Se la storia è «inesistente», Salò vive solo in un presente assoluto. Sul Meridiano Mondadori dedicato agli scritti Per il cinema Pasolini afferma: «Siamo dentro quel presente in modo ormai irreversibile... Viviamo ciò che succede oggi, la repressione del potere tollerante, che, di tutte le repressioni, è la più atroce. Niente di gioioso c’è più nel sesso. I giovani sono o brutti o disperati, cattivi o sconfitti... Questo è il ‘vissuto’. Certo non ne posso prescindere. È uno stato d’animo. È quello che cova nei miei pensieri e che soffro personalmente... Il sesso in Salò è una rappresentazione, o metafora, di questa situazione che viviamo in questi anni: il sesso come obbligo e bruttezza» (Pasolini 3, pp. 2064-2065).

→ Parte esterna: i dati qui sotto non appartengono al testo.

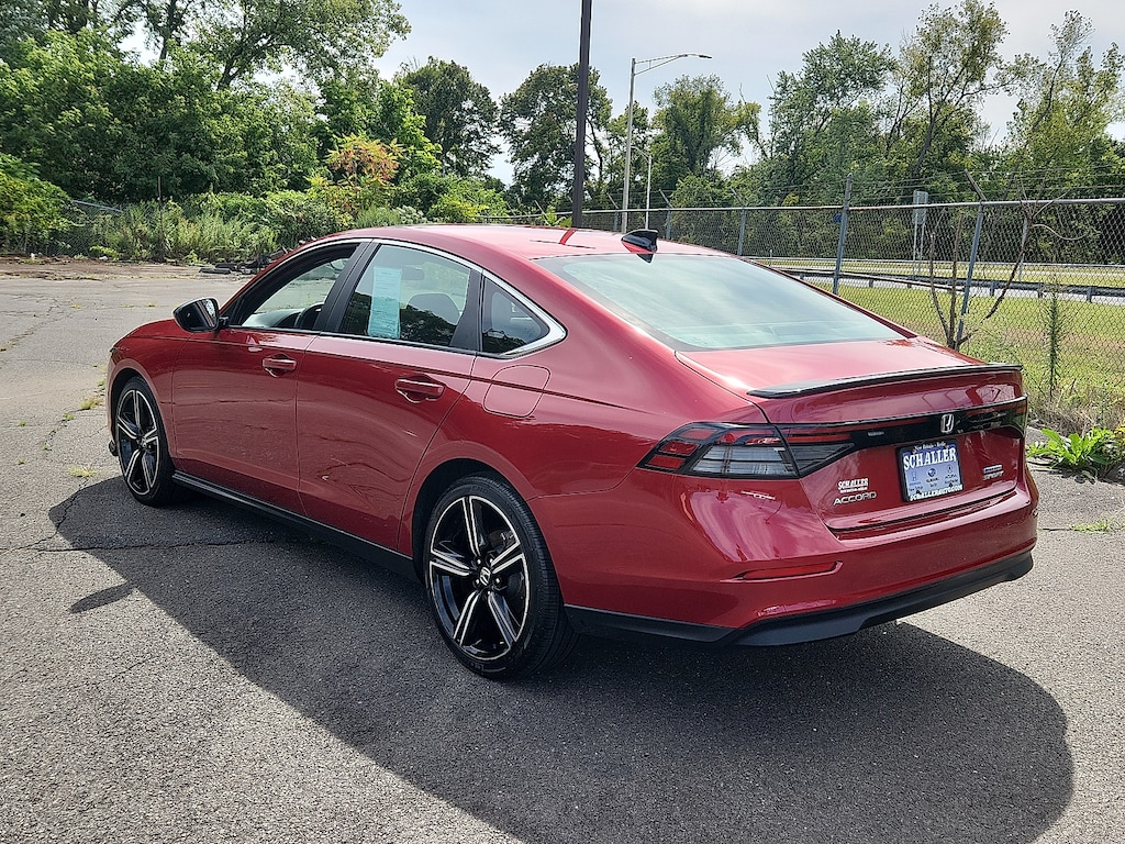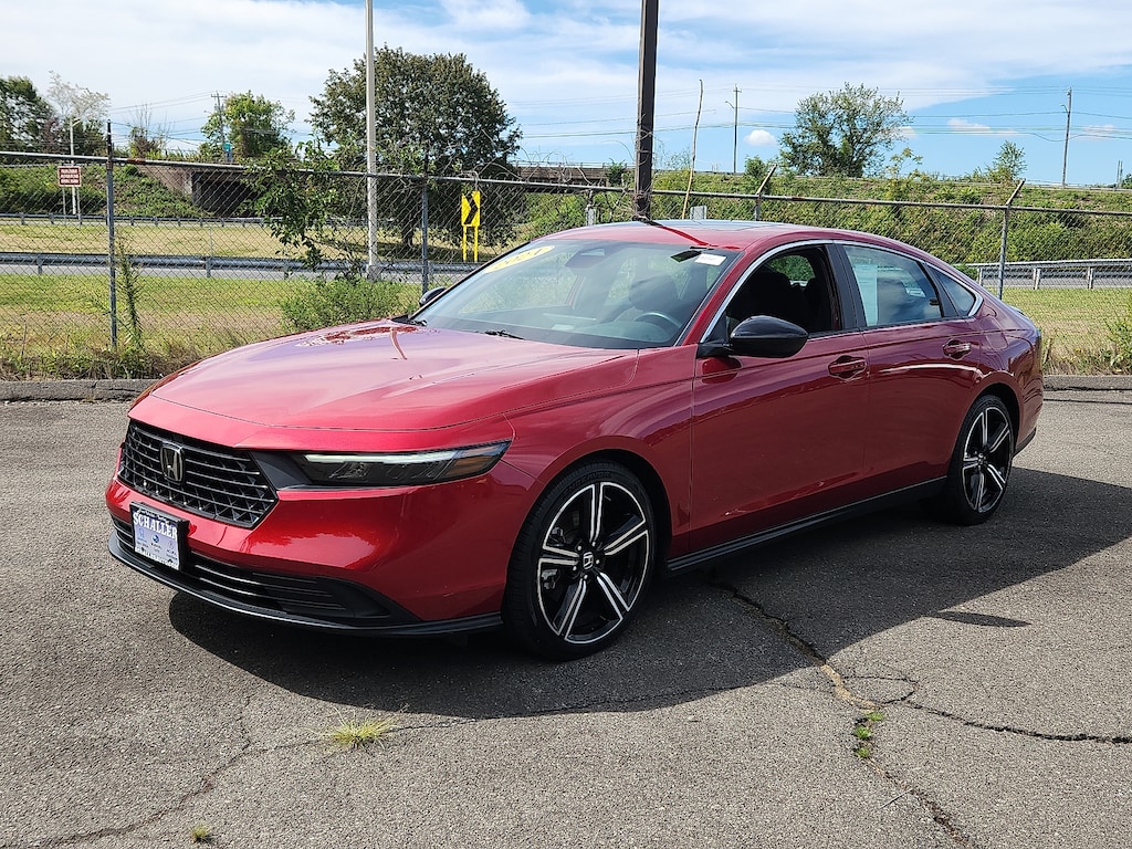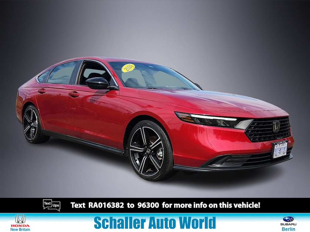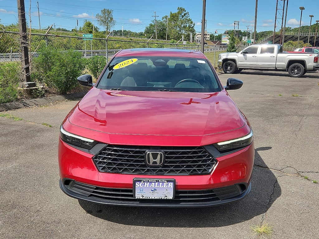 "Radiant Red 2024 Honda Accord Hybrid Sport 2.0L 16V DOHC eCVT FWDHONDA CERTIFIED PRE-OWNED WARRANTY / CPO 4-Wheel Disc Brakes 8 Speakers ABS brakes Adaptive Cruise Control: Adaptive Cruise Control (ACC) with Low-Speed Follow Air Conditioning Alloy wheels AM/FM radio Apple CarPlay/Android Auto Auto High-beam Headlights Automatic temperature control Blind Spot Information (BSI) System warning Brake assist Bumpers: body-color Compass Delay-off headlights Driver door bin Driver vanity mirror Dual front impact airbags Dual front side impact airbags Electronic Stability Control Emergency communication system: HondaLink Exterior Parking Camera Rear Fabric Seat Trim Four wheel independent suspension Front anti-roll bar Front Bucket Seats Front Center Armrest Front dual zone A/C Front reading lights Fully automatic headlights Illuminated entry Knee airbag Lane departure: Lane Keeping Assist System (LKAS) active Leather Shift Knob Leather steering wheel Low tire pressure warning Occupant sensing airbag Outside temperature display Overhead airbag Overhead console Panic alarm Passenger door bin Passenger vanity mirror Power door mirrors Power driver seat Power moonroof Power steering Power windows Radio data system Radio: 180-Watt Audio System Rear anti-roll bar Rear reading lights Rear seat center armrest Rear side impact airbag Rear window defroster Remote keyless entry Security system Speed control Speed-sensing steering Speed-Sensitive Wipers Split folding rear seat Spoiler Steering wheel mounted audio controls Telescoping steering wheel Tilt steering wheel Traction control Trip computer Variably intermittent wipers Wheels: 19""x 8.5J Berlina Black. 46/41 City/Highway MPGHondaTrue Certified Details: * Powertrain Limited Warranty: 84 Month/100000 Mile (whichever comes first) from original in-service date * Vehicle History * 182 Point Inspection * Transferable Warranty * Limited Warranty: 24 Month/100000 Mile (whichever comes first) after new car warranty expires or from certified purchase date * Roadside Assistance * Warranty Deductible: $0 * Vehicles purchased within New Vehicle Limited Warranty period: extends New Vehicle Limited Warranty to 5 years*/60000 miles*. Honda Care Roadside Assistance for 2 year/100000 miles (whichever occurs first). Up to two complimentary oil changes within the first year of ownership. SiriusXM 90-Day Trial.Schaller Auto Group has TWO Used Car Locations: Right off Route 9 in New Britain and Route 9 and the Berlin Turnpike in Berlin. Please call 860-826-2023 to confirm this Vehicle's Location. All of our Pre-Owned Vehicles go through our Comprehensive 125 Point Quality Inspection. Every Schaller pre-owned vehicle comes with warranty coverage! With all budgets in mind we now offer Schaller âValue Carsâ starting at $2995 and include a 30 day satisfaction guarantee and all come with a FREE Carfax Vehicle History Report. The Schaller Auto Group is Family Owned and Operated for Over 65 Years and is known for Selling Top Quality Used Vehicles and Standing behind them After the Sale!"

L’idea di Sade arriva a Pasolini in modo indiretto: la trasposizione del libro viene inizialmente proposta a Sergio Citti, suo collaboratore storico. Alle prime stesure del copione partecipa anche Pupi Avati. Sempre nel documentario di Amaury Voslion Pasolini afferma: «Ho lavorato con Citti alla sceneggiatura dandogli una struttura a gironi, dantesca, che probabilmente era già nell'idea di De Sade. Gli ho dato questa verticalità, poi lavorando Citti si è disamorato e io invece me ne innamoravo, e l’illuminazione è stata l’idea di trasportare Sade nel 1944 a Salò e ho visto la coreografia fascista. È stato lo schema formale, l’idea del film che non è esprimibile a parole». Stando a tutti i racconti d’epoca, la lavorazione è serena e persino divertente. L’aiuto regista Umberto Angelucci: «Lì l’ho visto divertirsi sul set con la troupe, precedentemente non era così. Durante questo film una volta mi disse che era molto in dubbio se fare più film, poi però aggiunse che probabilmente no, avrebbe continuato, ‘perché quello che mi mancherebbe è il contatto con queste persone tutte diverse che formano la troupe’» (Faldini-Fofi 3, p. 13). (...)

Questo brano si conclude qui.